When people say 'dynamic', I think they are actually talking about 'compressed'.
Dynamic would mean that the phone produces the loudest passages at a very maximum relative level to the quietest passages. That is, the phone has a very high dynamic range measured in relative dB (with the lowest amount of distortion).
I think HD 600 is incredibly dynamic. Most studio headphones that are drive very loud need to be dynamic (with proper amplification!).
How can you hear it? It plays the subtle parts very subtly and loud parts loudly, if one has enough of amplification (this is not a sideline to anyone, but we all know HD600 requires good amplification).
Is DT770 dynamic?
I don't have enough experience with it to evaluate it as a whole, but the very little experience I had with it on X-Can V2 was that with that amp it certainly did not sound dynamic to me.
Are AT cans dynamic? I only have a very short exposure to W100, but I think it plays being dynamic by having a bump in the c. 2-4 kHz region, making it sound like it's more alive and have a feel of dynamics.
In my opinion 'dynamic' (as a technical term, meaning relative range of loudness values) usually means completely opposed to what people mean when they say 'dynamic' (the perceptual description, meaning alive, scary, punchy, kicking or whatever).
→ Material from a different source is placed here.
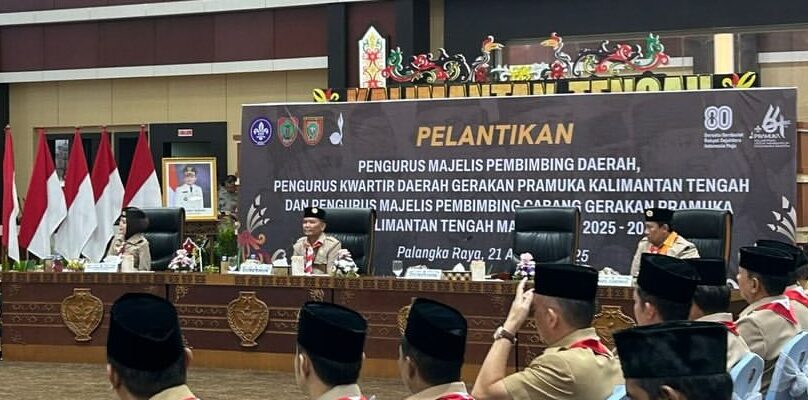 KLIKKALTENG, Palangka Raya – Kwartir Nasional (Kwarnas) Gerakan Pramuka secara resmi melantik pengurus Gerakan Pramuka Kalimantan Tengah masa bakti 2025–2030. Prosesi yang berlangsung di Aula Jayang Tingang, Kantor Gubernur Kalimantan Tengah ini menjadi bagian dari rangkaian Peringatan Hari Pramuka ke-64 Tingkat Provinsi Kalimantan Tengah, Kamis (21/8/2025).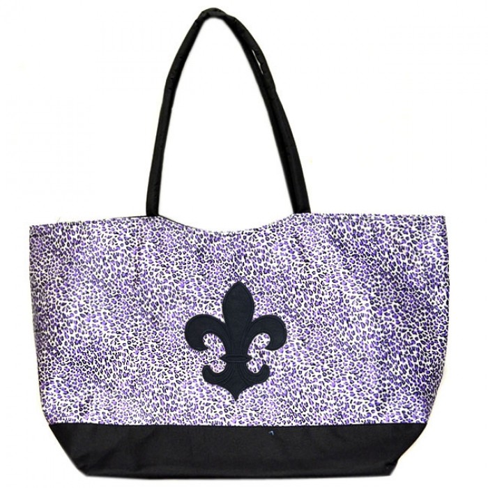PURPLE/BLACK CHEETAH DESIGN SHOPPING OR BEACH BAG & BLACK FDL

After all, most people consider CDs that are compressed to oblivion to be the most dynamic, alive, hot and kicking. These kind of CDs have the most narror dynamic range and are by definition, not dynamic, but compressed.
Any thoughts?
regards,
Halcyon
PS A compressed or non-flat headphone will bring out gobs of detail from your old records due to playing the soft parts louder and enabling our hearing to hear sounds that were mostly masked on flat headphones.